IV- Le passage inexorable du temps mais la permanence indubitable de la poésie (v.19 à 22)

-Le champ lexical du temps est omniprésent : « jours ; semaines ; temps passé », il renvoie à une
obsession incurable du poète par le temps.
-Cette obsession est confortée par le polyptote « passent ; passent ; passé » qui rappelle la régularité
des aiguilles d’une horloge.
-La double négation « Ni…Ni… » (v.20-21) montre l’impossibilité de retenir le temps ni les amours
passées : Le passage du temps emporte irrémédiablement tout avec lui.
-L’article « les amours » vient remplacer le possessif du début « nos amours » créant ainsi un
détachement du sentiment amoureux causé par le temps.
La Poésie néanmoins semble être celle qui subsiste au temps, elle y survit, elle « demeure ».
-Le nom « Mira/beau » laisse entendre mirare qui signifie admirer en latin, et l’adjectif beau.
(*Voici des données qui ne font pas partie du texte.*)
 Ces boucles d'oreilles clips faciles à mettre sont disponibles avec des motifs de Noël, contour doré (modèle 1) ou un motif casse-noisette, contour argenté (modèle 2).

Comme si, au-delà de la douleur de la séparation, Apollinaire invite ses lecteurs à admirer la beauté
poétique qui émerge de cette souffrance.
-Le poème lui-même peut être vu comme un calligramme : chaque quatrain peint un arc de pont et
les distiques sont une représentation de l’eau qui passe. D’ailleurs, tous les quatrains sont des
strophes de trois décasyllabes dont le 2 ème vers est coupé en deux (un vers de 4 et un vers de 6
syllabes), ce qui crée un effet de coupure au sein du poème, symbolisant justement la rupture
amoureuse.
-Le dernier mot du poème est d’ailleurs le verbe « demeure » qui suggère la permanence, la
stabilité d’Apollinaire - poète, et non d’Apollinaire - l’être amoureux.
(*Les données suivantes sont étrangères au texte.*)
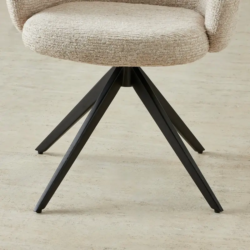 The swivel function adds a dynamic twist, making it easy to turn and engage. Set on a sculptural black base, it’s a chair that feels as good as it looks, perfect for modern dining with a casual edge.

La douleur se trouve ainsi transfigurée par le pouvoir des mots et des images, du fond et de la
forme. La création artistique est au final ce qu’il y a de véritablement éternel.
Ma conclusion :

Idées pour le bilan/volet de fermeture :


Le poète exorcise son mal par la poésie. Il guérit ses maux par les mots.